Provided data »
^^^^
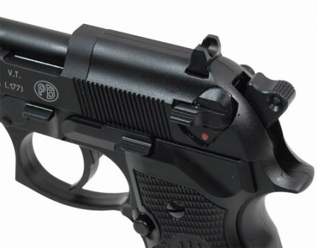 Система прицеливания M 92 FS состоит из неподвижной мушки и подвижного целика и при соответствующей регулировке пистолет имеет один из лучших показателей точности в своем классе. При желании на пистолет устанавливается коллиматорный или оптический прицел.
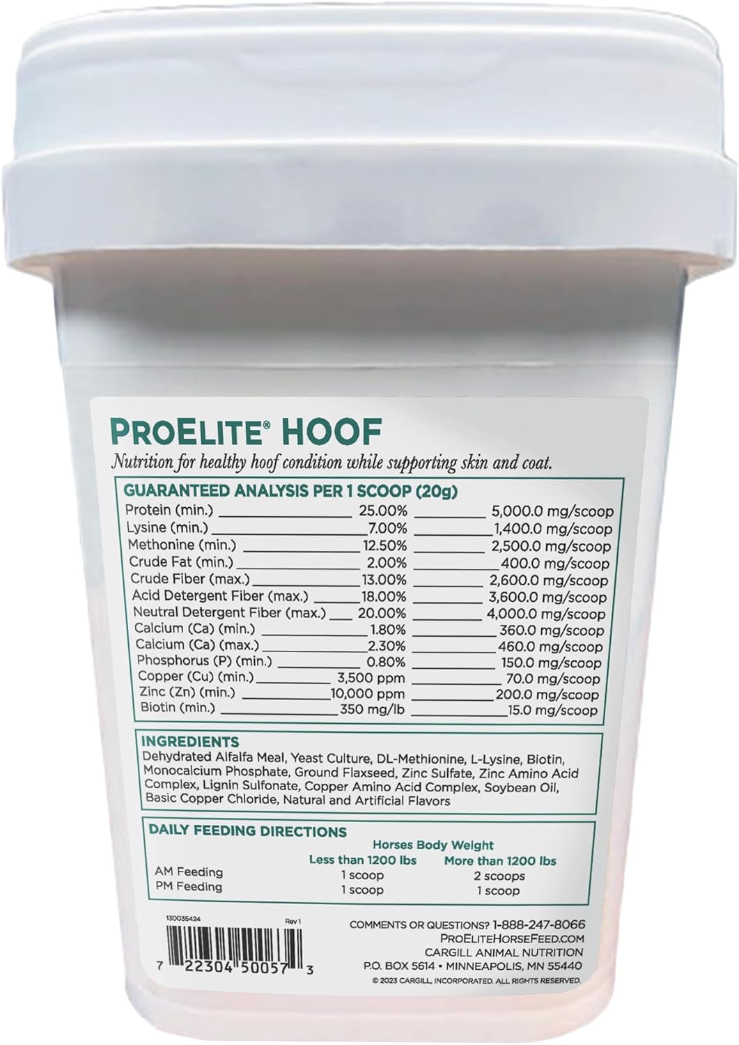- Directions: "Daily Feeding Directions Less than 1200 lbs. AM Feeding 1 scoop PM Feeding 1 scoop More than 1200 lbs. AM Feeding 2 scoops PM Feeding 1 scoop"
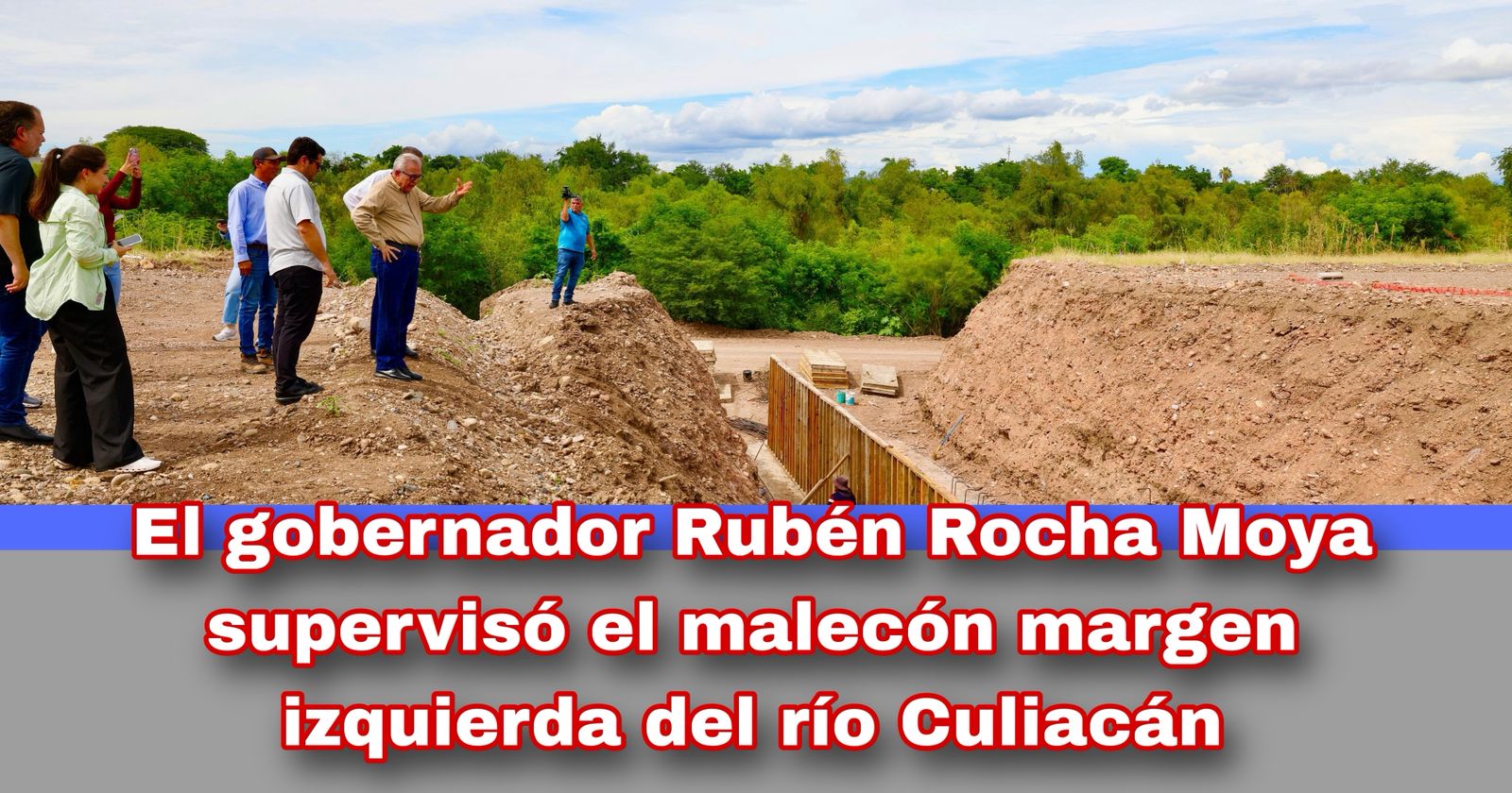 Con una longitud de más de 5 kilómetros, el Malecón margen izquierda del río Culiacán, es la obra insignia del gobierno de Rocha Moya, en la cual, se trabaja conforme a los tiempos de ejecución establecidos registrando un avance del 30%, por lo que se contempla que, a partir del mes de noviembre se empiecen a ver las primeras lozas de concreto hidráulico. Cabe agregar que, para dar dinamismo a la obra, se tienen proyectadas la construcción de gazas de distribución vial.
^^^^
With the pictures left out, return the listing above exactly as it stands.

Written answer »
 Система прицеливания M 92 FS состоит из неподвижной мушки и подвижного целика и при соответствующей регулировке пистолет имеет один из лучших показателей точности в своем классе. При желании на пистолет устанавливается коллиматорный или оптический прицел.
- Directions: "Daily Feeding Directions Less than 1200 lbs. AM Feeding 1 scoop PM Feeding 1 scoop More than 1200 lbs. AM Feeding 2 scoops PM Feeding 1 scoop"
 Con una longitud de más de 5 kilómetros, el Malecón margen izquierda del río Culiacán, es la obra insignia del gobierno de Rocha Moya, en la cual, se trabaja conforme a los tiempos de ejecución establecidos registrando un avance del 30%, por lo que se contempla que, a partir del mes de noviembre se empiecen a ver las primeras lozas de concreto hidráulico. Cabe agregar que, para dar dinamismo a la obra, se tienen proyectadas la construcción de gazas de distribución vial.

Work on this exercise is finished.